Reputation: 83
I am trying to understand how the pseudo instruction in MIPS32 "ld" works. I use the MARS Simulator to test the code. When MARS assembles the following Code
.data
LEN:
.word 12
.text
ld $6, LEN
it says in basic code
lui $1, 0x00001001
lw $6, 0x00000000($1)
lui $1, 0x00001001
lw $7, 0x00000004($1)
The lw instructions seem to do everything needed: It loads 32 bits at the specific address 0x00000000 into Register $6 and the following 32 Bit into the following Register.
The lui instruction seem useless to me. It even does the same thing twice, why? It is used as Offset for the lw instruction, but it must have twice the same value, otherwise we dont get the 64 bit at the memory address, but two "random" 32 bits?
Can anyone help me where my mistake in thinking is?

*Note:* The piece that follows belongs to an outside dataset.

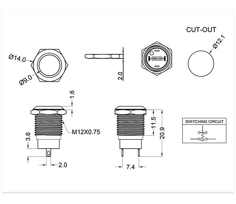 ◆安装孔12mm,点动复位常开功能。安装部防水、防尘等。产品的抗冲击性、抗震性和耐腐蚀性。
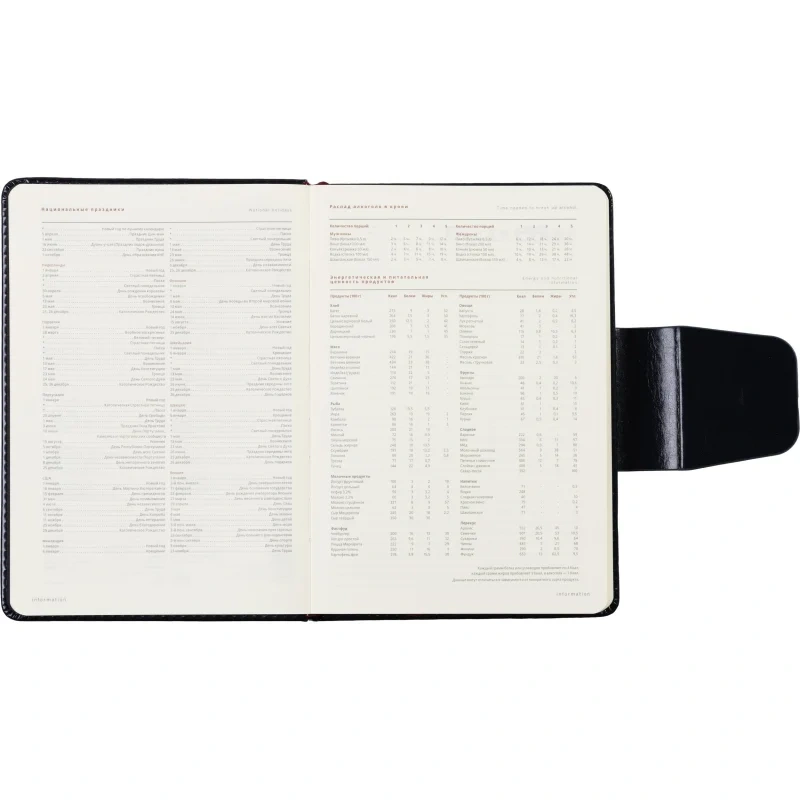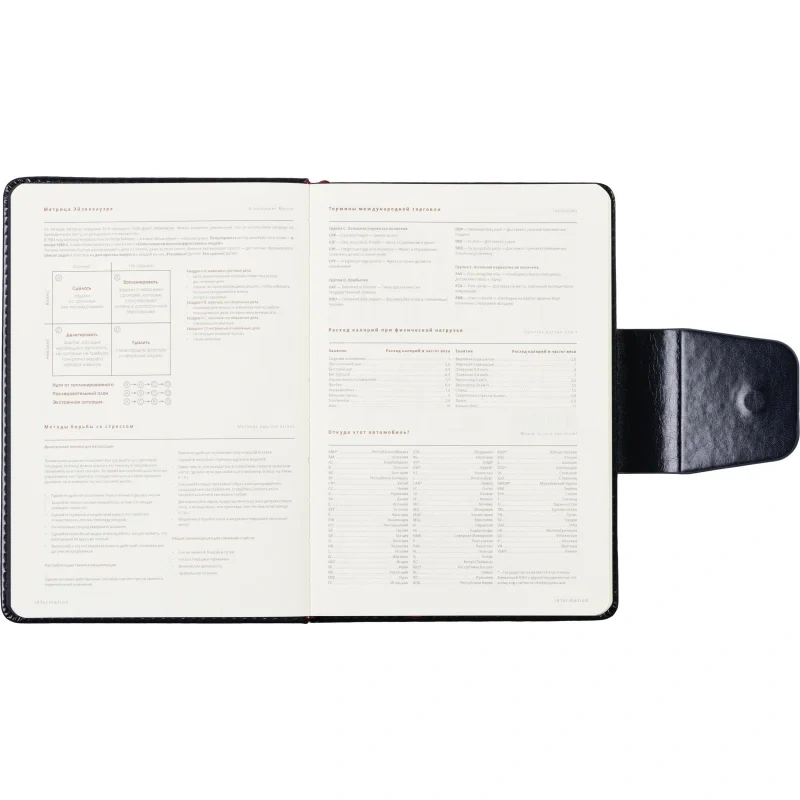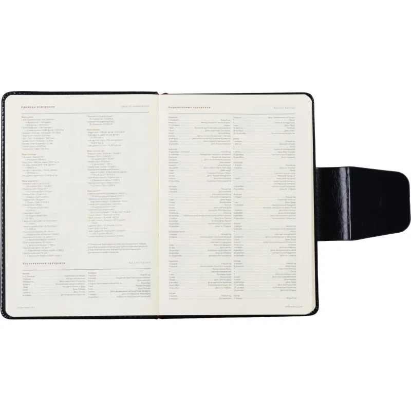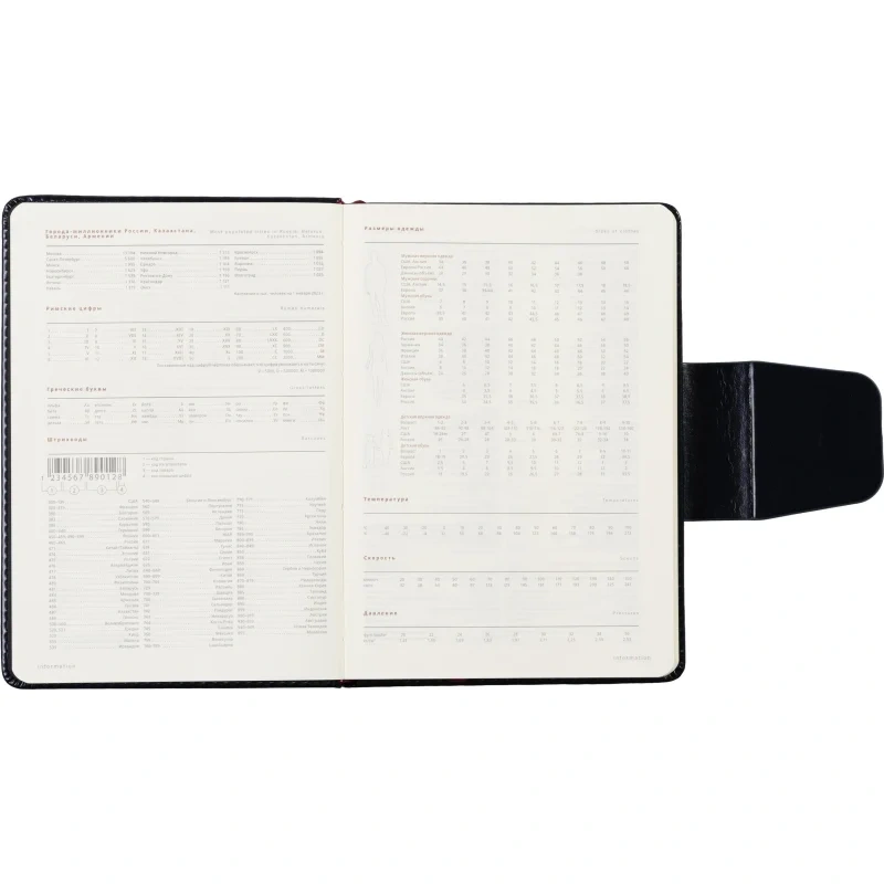 Кроме того, ежедневник включает 21 страницу справочной информации в начале блока, охватывающей важные сведения, такие как часовые пояса, размеры одежды, международные телефонные коды и другие полезные данные.

It is probably completely different than I think...
Upvotes: 2
Views: 947
Reputation: 16586
The LEN
is inside .data
segment at offset +0, which is address 0x0000100100000000
(start of .data
segment).
So the lw
instructions are fetching the data from address 0x0000100100000000+0
and 0x0000100100000000+4
, that's calculated from $1 + 0
and $1 + 4
.
The lui
sets that value into $1
.
Twice, because MARS assembler is sort of "dumb", producing native MIPS instructions in fixed way, not optimizing special cases where the value is already in $1
register. Some of the pseudo instructions can be even implemented in more effective way, if you would check all of them, it's not like MARS is producing most optimal variant.
You can theoretically remove the second lui
in this particular case without affecting the result, but removing the first lui
would make the lw
to access completely different memory area (as the $1
register would contain different value).
EDIT: btw, you did reserve only single .word
for LEN, so the second lw
is fetching value beyond that word, usually in more complex source that would be bug/oversight.
And if you would reserve LEN
after some other .data
memory already used, the lui
would be followed by ori
to put into $1
complete address including lower 16 bits. It's one of rare MARS optimizations, to remove the ori
of "load address" when the low 16 bits are all zeroes.
I guess the ld
would then look like lui, ori, lw, lui, ori, lw
, i.e. there would be even more redundancy.